I just got a quick one for surufatinib. I understand that the Phase II trial readout likely to come by second half this year. And I wonder how we see the probability of that result. It causes -- support an NDA filing overseas? Or is this more likely you'd like to follow and give it after the Phase II trial separate? That's my question.

Are you talking about -- sorry, are you talking about Phase II gastric cancer?

No, he's talking about SAVANNAH, I think.

Yes, obviously, SAVANNAH is ongoing, and it's still -- but we believe the data is very compelling. And we'll be actually a -- warrants discussion with the regulatory authorities for potential registration for conditional approval. And -- the data is obviously -- the data continues to mature, and we'll evaluate if it warrants discussion with regulatory authorities.

And we are very happy with the level of efficacy. And that's why we are working with AstraZeneca to initiate the Phase III, the global Phase III in this patient population.

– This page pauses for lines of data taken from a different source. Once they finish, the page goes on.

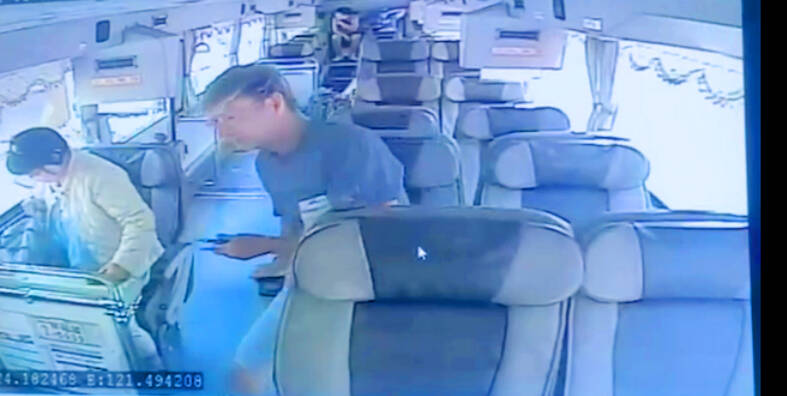 Klausnitzer’s last sighting was recorded by surveillance footage on March 26, showing him exiting a bus at Taroko Gorge’s Tiansiang Village (天祥) at 9:04am, entering Siangde Temple at 9:27am and leaving 20 minutes later, Chen said.
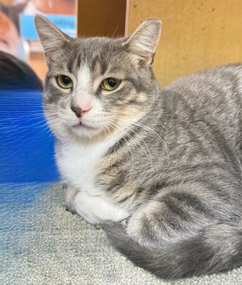 With his soft grey and white coat, adorable white paws, and captivating amber eyes, Sky is truly a handsome little fellow. But what makes him shine is his sweet, affectionate nature—he’s a people-focused boy who just wants to be close to those he trusts.
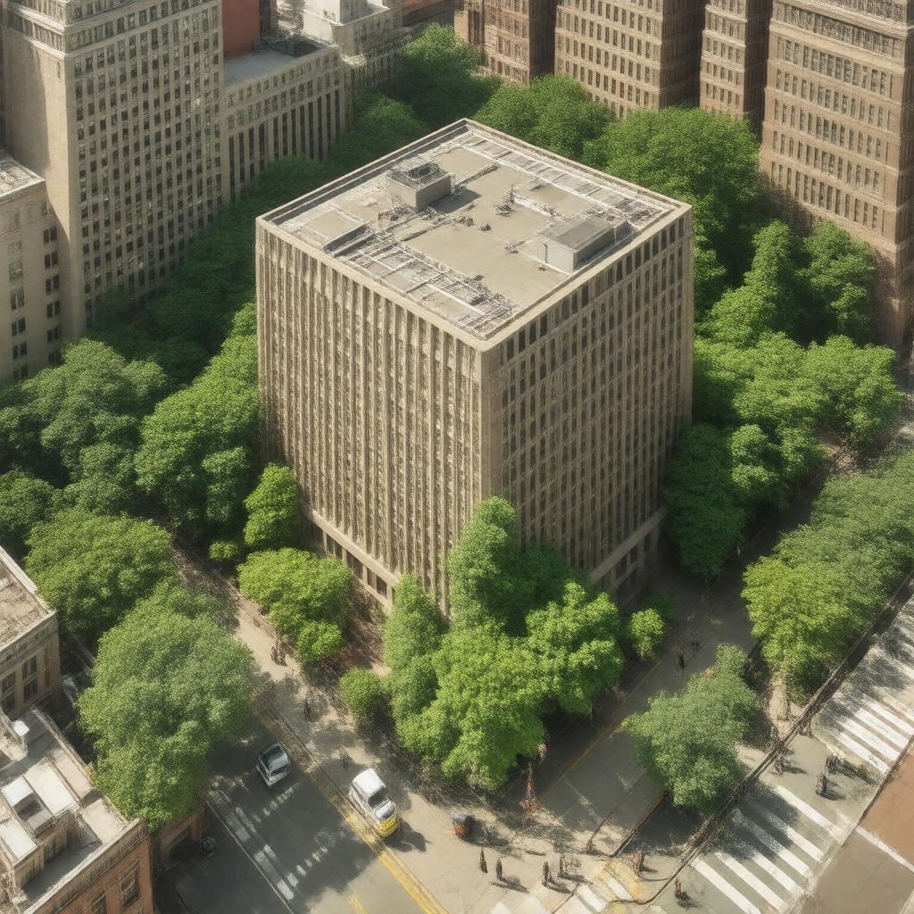 "aerial view of Guttman Community College campus at 50 West 40th Street, New York, NY 10018, with modern buildings and lush greenery, surrounded by the bustling streets of Manhattan, with a few students walking around, in a realistic and architectural style"
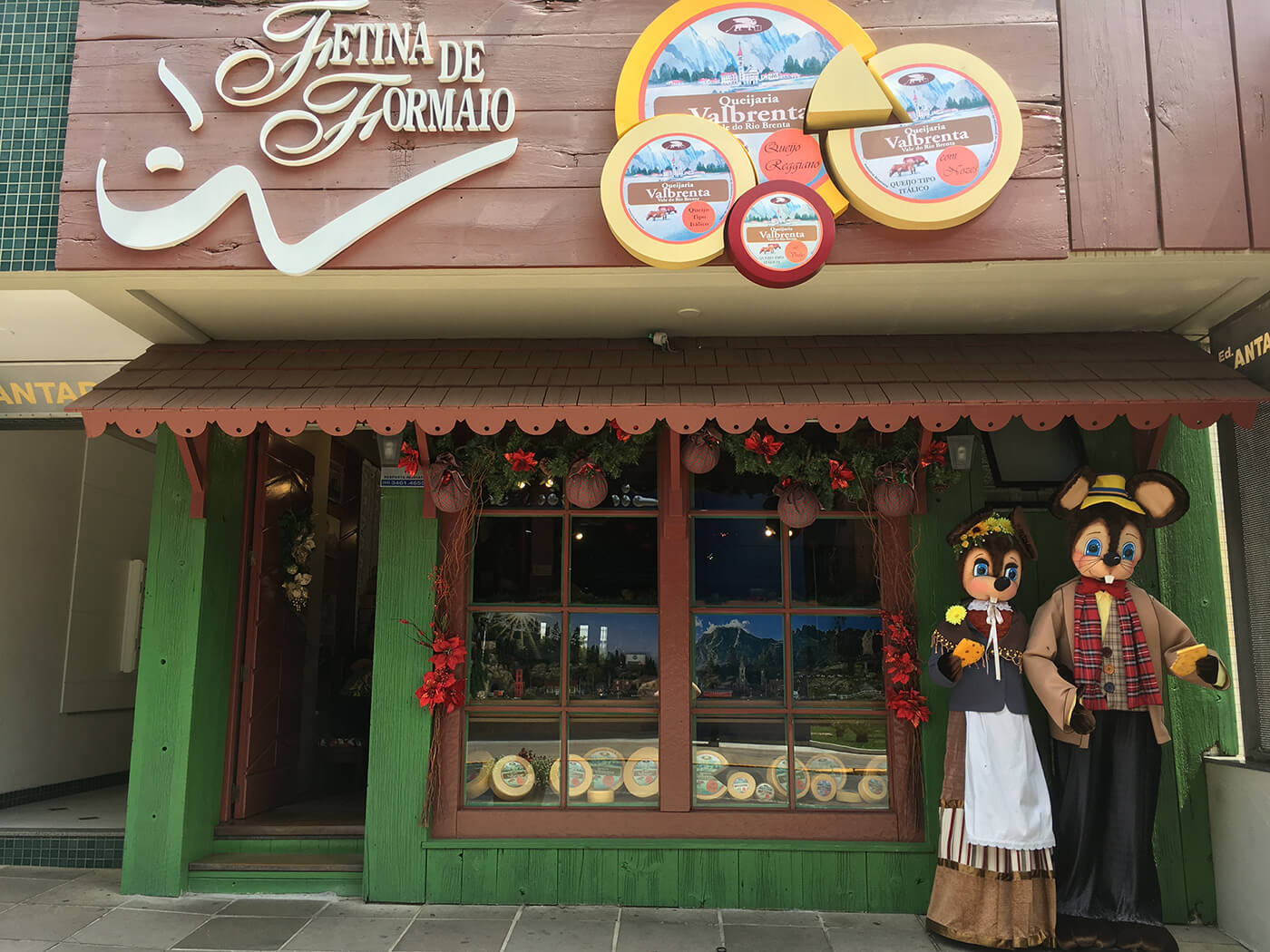 Possibilidade de adquirir os produtos com a qualidade da região, entre chocolates caseiros, malhas, artesanato, couro e produtos coloniais.

As I mentioned during my presentation that together with the data from TATTON, ORCHARD and SAVANNAH, forms a great base for -- a strong base for this SAFFRON study globally. But particularly for the opportunity in China for -- I mean, in the U.S. for conditional approval, we think SAVANNAH is very now strong, and we're just following the data very closely as it matures.

Since there are no further questions from the line, I will hand the session back to the host.

Well, thank you very much, all, and for attending the call and look forward to working with you all in the future.

Christian, do you have anything else to add?

I don't, Weiguo, just other than to say thanks, everybody, for your support through the years. And I wish all the very best of luck to Weiguo and the team going forward. And thank you all.

Thank you very much.

Thank you.

Thanks. Bye-bye.

Thank you.

Thanks. Bye-bye.

Thank you. Ladies and gentlemen, this concludes today's conference call. Thank you for your participation. You may now disconnect.